I can still remember vividly standing at the bottom of the steps of the building in St. Paul after our second Saturday class, and somehow something drew us together and we began a conversation, a connection ... and 2 hours later we were still standing at the bottom of the steps, talking. It's been hard for me to open my heart to true, authentic, deep friendship connections. I guess you can say it's old hurts, old fears ... a way to protect that little girl in me who has always felt like when she finally loves with all her heart, that she will lose what she loves, through death or abandonment. I know now that the loss of my father at the age of 4 is so deep-rooted. So Elaine challenged me to love again, to build a deep, authentic friendship. And so we had incredible times of sharing and connection but the truth is, I was scared and without realizing it I withdrew into the safety of my shell and threw myself into work and volunteerism. Yet somehow Elaine, always knew ... she could see right through me and she loved me regardless. Unconditional love. She was giving me the most precious gift and I wasn't even aware of it. Elaine died on Friday, April 17, 2009, 17 months after her initial diagnosis of cancer. She had a headache .. a headache that wouldn't go away and kept getting worse.... cancer had spread to the lining of her brain. I was in San Diego for business and wanted so desperately to make it back in time to say goodbye. As I was waiting to get on my plane early that Friday morning I learned my dear friend Elaine had passed away. She continues to appear in my dreams and to be in my heart. Even up in heaven she's reassuring me that I'm okay and that she knows I love her. And she's telling me I need to open up my heart and that there's no reason to be afraid.

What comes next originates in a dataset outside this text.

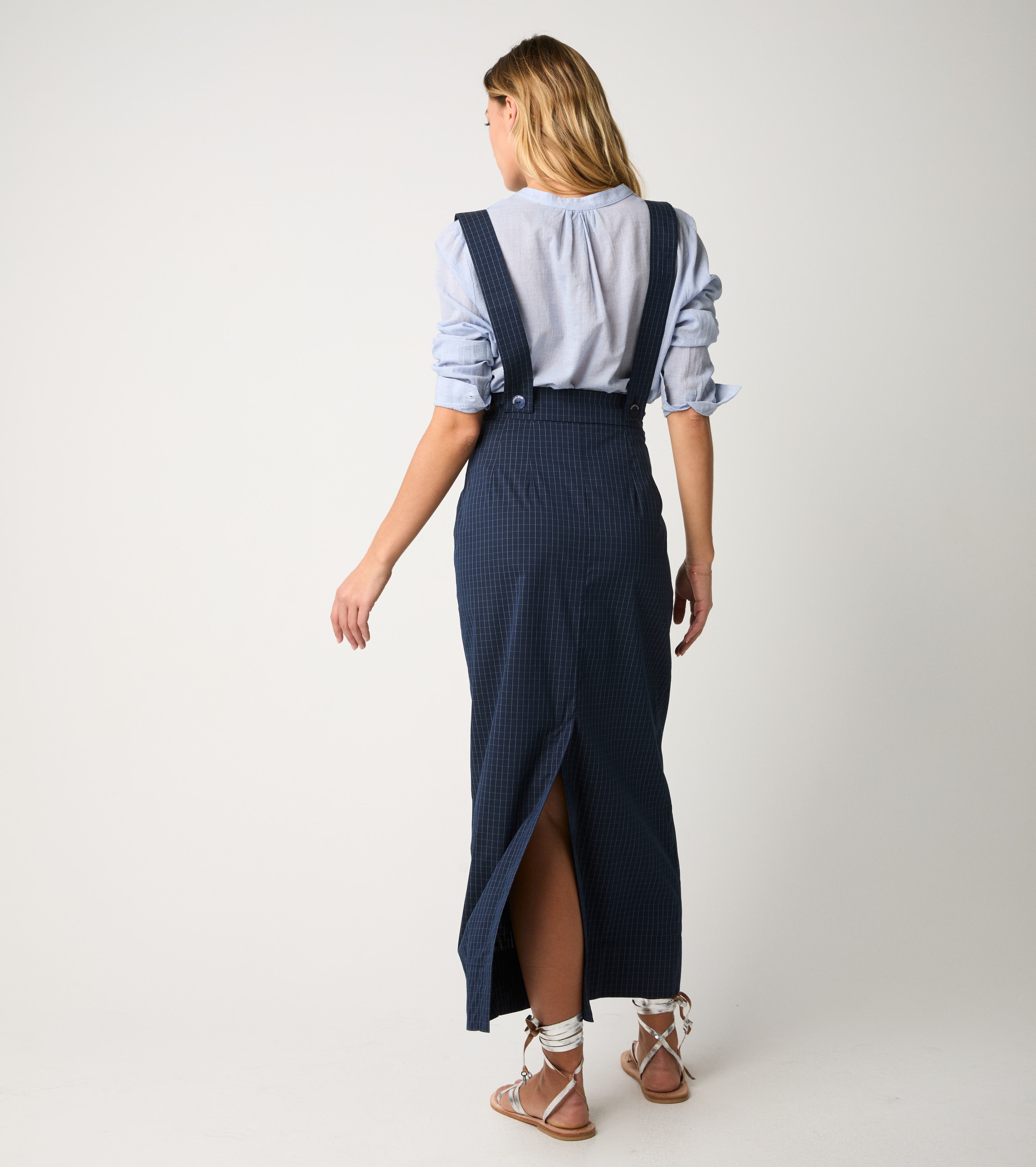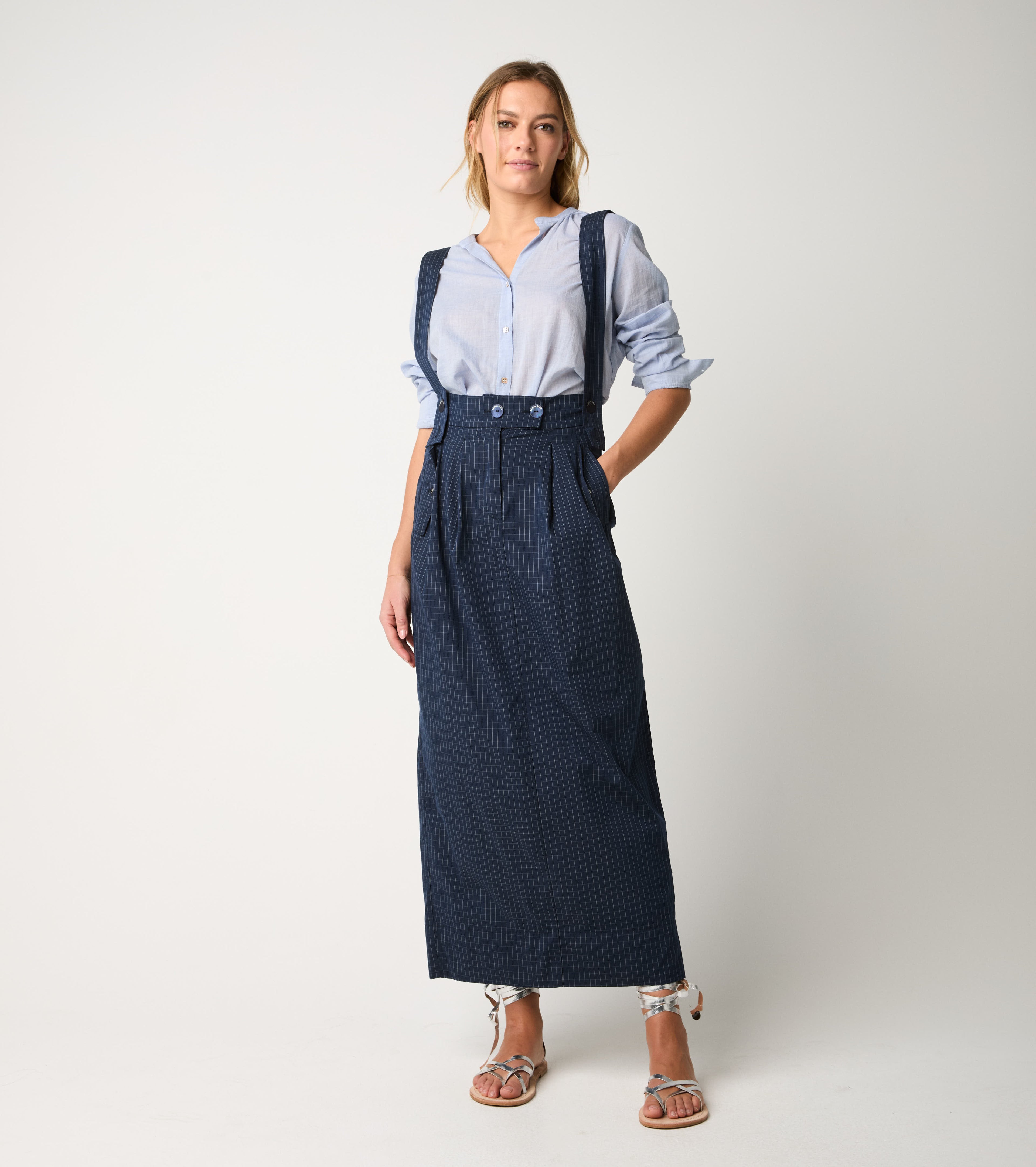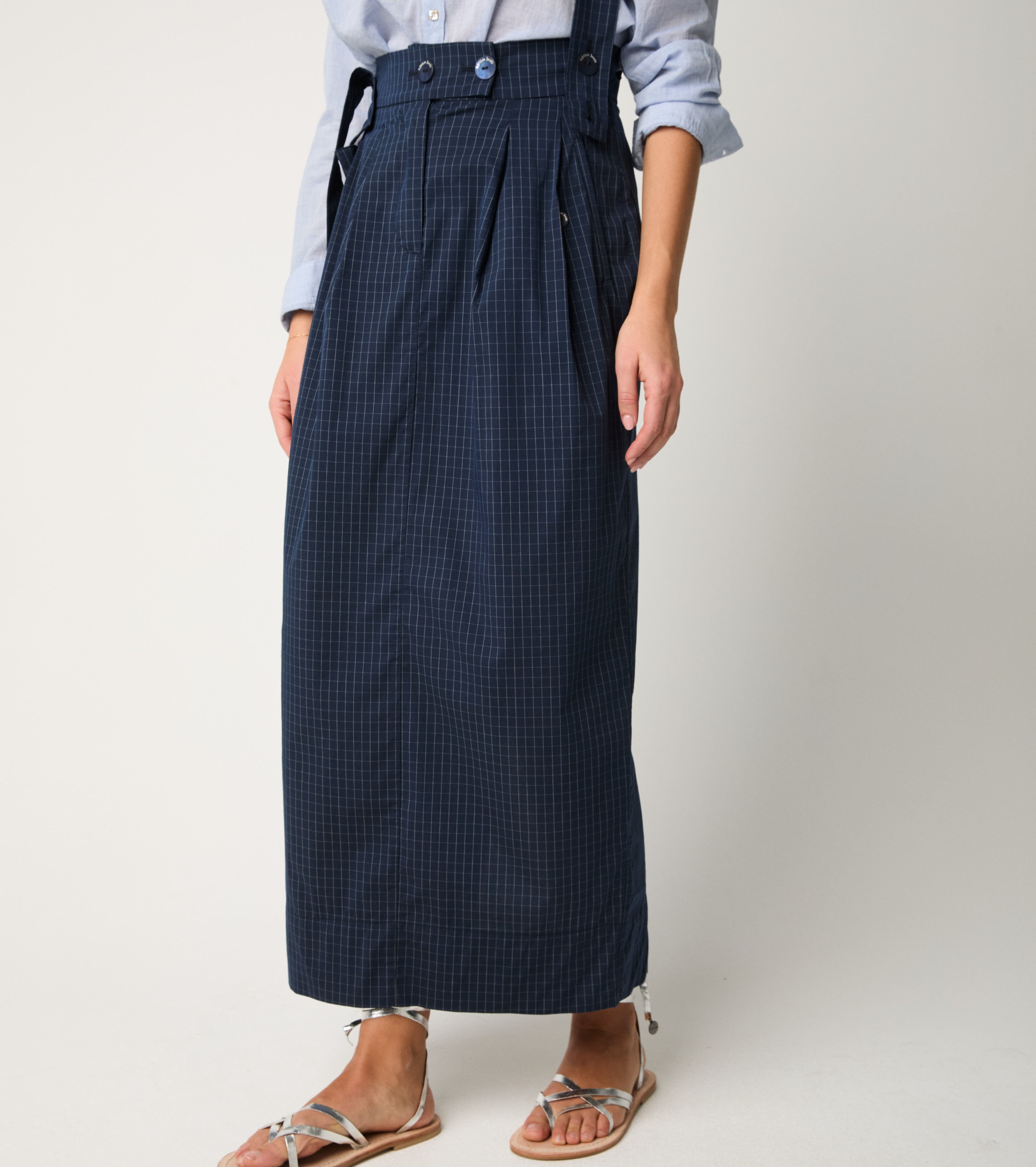 Gonna check con bretelle blu

And so I have ... and I believe God led me to the wild dolphins in Bimini. While there I could feel Elaine's presence. She appeared to me, along with my father, during one of our quantum light breath meditations which put me in a trance like state that I had never experienced in my life before. Her loving presence is always with me. And I believe the dolphins led me to my friend Michele, who in so many ways reminds me of Elaine - pure light and love. I've been given another chance to learn to love deeply in friendship and so we have begun a beautiful, soul-like friendship like the one I had with Elaine. This time, I feel Elaine by my side. She's holding my hand as she teaches me that loving deeply is the only way to live! I love you Elaine and I still miss you. And Michele, I love you too and I am grateful beyond words for the gift of your friendship ... thank you for seeing me and thank you especially for seeing the little girl in me and enticing her and creating a safe environment for her to come out and play!
With Elaine by my side, I commit to walking and venturing into territory that once terrified me ... true friendship! Thank you Elaine!